What is considered “abnormal” in clinical testing is usually defined by simple thresholds derived from normative data.25 For instance, when using the 5R-STS test, the ULN from a population of spine-healthy volunteers (10.5 seconds) is used to identify OFI.8 This approach is simple and effective, yet it fails to consider the radically different 5R-STS testing properties of different individuals. For instance, height is known to influence 5R-STS performance significantly.8,13,14 Since chairs of standardized height are used, the distance that needs to be covered with each sit-to-stand action is proportional to body height. Thus, a tall individual with the same health status as a comparable shorter individual will usually still require significantly longer to complete the 5R-STS. Apart from such obvious differences in testing properties, what is considered normal should optimally be based on a normative population that is as similar to the test subject as possible. One would expect a completely healthy 21-year-old rugby player to perform the 5R-STS more quickly than an otherwise healthy 78-year-old obese retiree, although both performances could be seen as normal for their specific situations. For this reason, ULNs should be derived from many individuals without functional impairment of different age ranges, nutritional status, et cetera. Of course, one could simply calculate multiple ULNs for younger and older, normal-weight and obese, male and female, or tall and short individuals. This would require generating an exponentially growing number of different thresholds for each subset, eventually also running into sample size limitations. Memorization and clinical application would also be increasingly cumbersome. A more elegant and detailed way of arriving at a personalized threshold for each patient is to model the effects of the most important demographic parameters for different quantiles of the normative population. Some machine learning methods such as quantile regression enable this approach and can generate precise ULNs for each individual.22,23
Our model demonstrated its capacity to predict personalized expected test times (50th percentile) with an accuracy of within 1.2 seconds of the actual test time, as well as predicting individualized ULNs (99th percentile).8 When defining the presence of OFI as an actual 5R-STS performance that is slower than the personalized ULN, we observed that a slightly higher percentage of around two-thirds of the patient cohort was deemed to be impaired. This compares with approximately 50% to 60% of the spinal patient population that was deemed to be objectively functionally impaired using the standard ULN of 10.5 seconds.8,12 Those patients that were additionally classified as having OFI by our personalized testing strategy—and not by the usual fixed 10.5-second cutoff—were mostly younger and shorter patients who would indeed realistically be expected to complete the test in 7 or 8 seconds.

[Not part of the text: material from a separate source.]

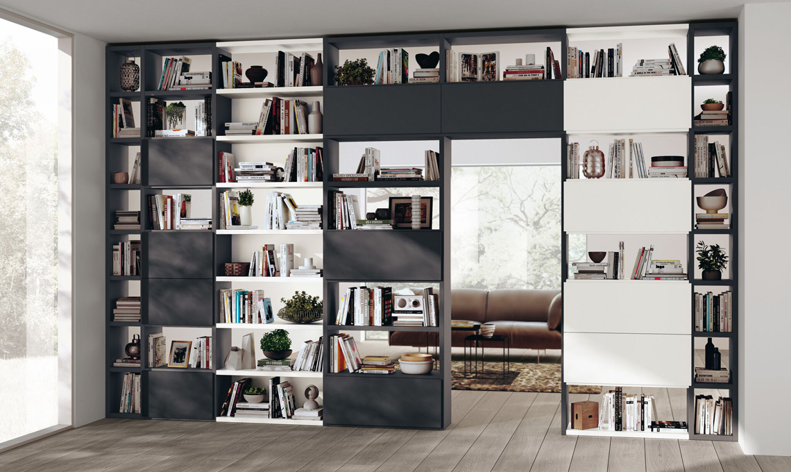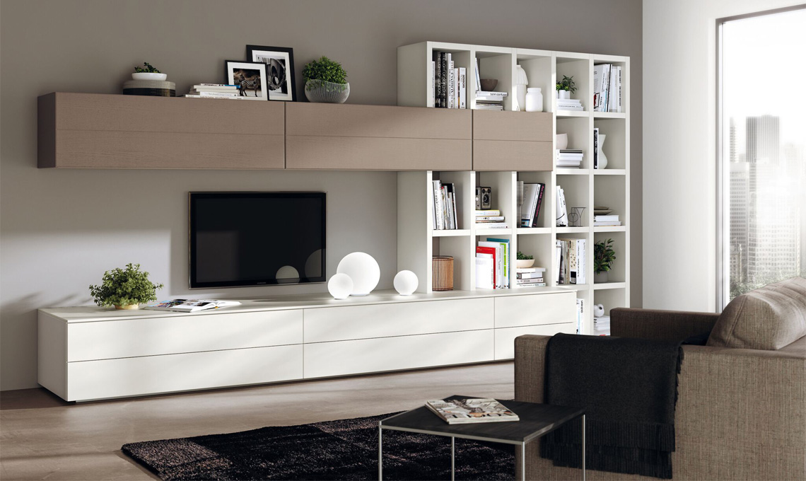 Per il living indipendente, poi, esiste anche la possibilità della Parete Fluida modulo 365, che consente di armonizzare linee verticali e orizzontali con ogni tipo di anta e apertura. L'ideale per ambienti in armonia, ma ben distinti.
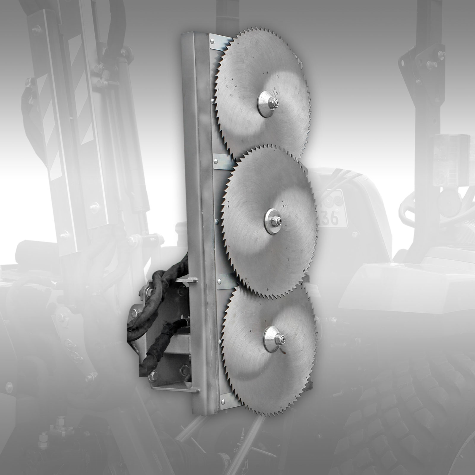 Má 3 pilové kotouče s karbidovými hroty (každý se 72 zuby) a průměr 400 mm. Pila má efektivní pracovní šířku cca. 900 mm.

Conversely, some very tall patients who normally would initially have been classified as impaired were now deemed not to have OFI, because a test time of 13 seconds, for example, is still considered normal, given their height. Hence, one can argue that using personalized cut offs for objective tests of function seems to increase the diagnostic yield of these tests, which is of obvious value for both clinical care and research.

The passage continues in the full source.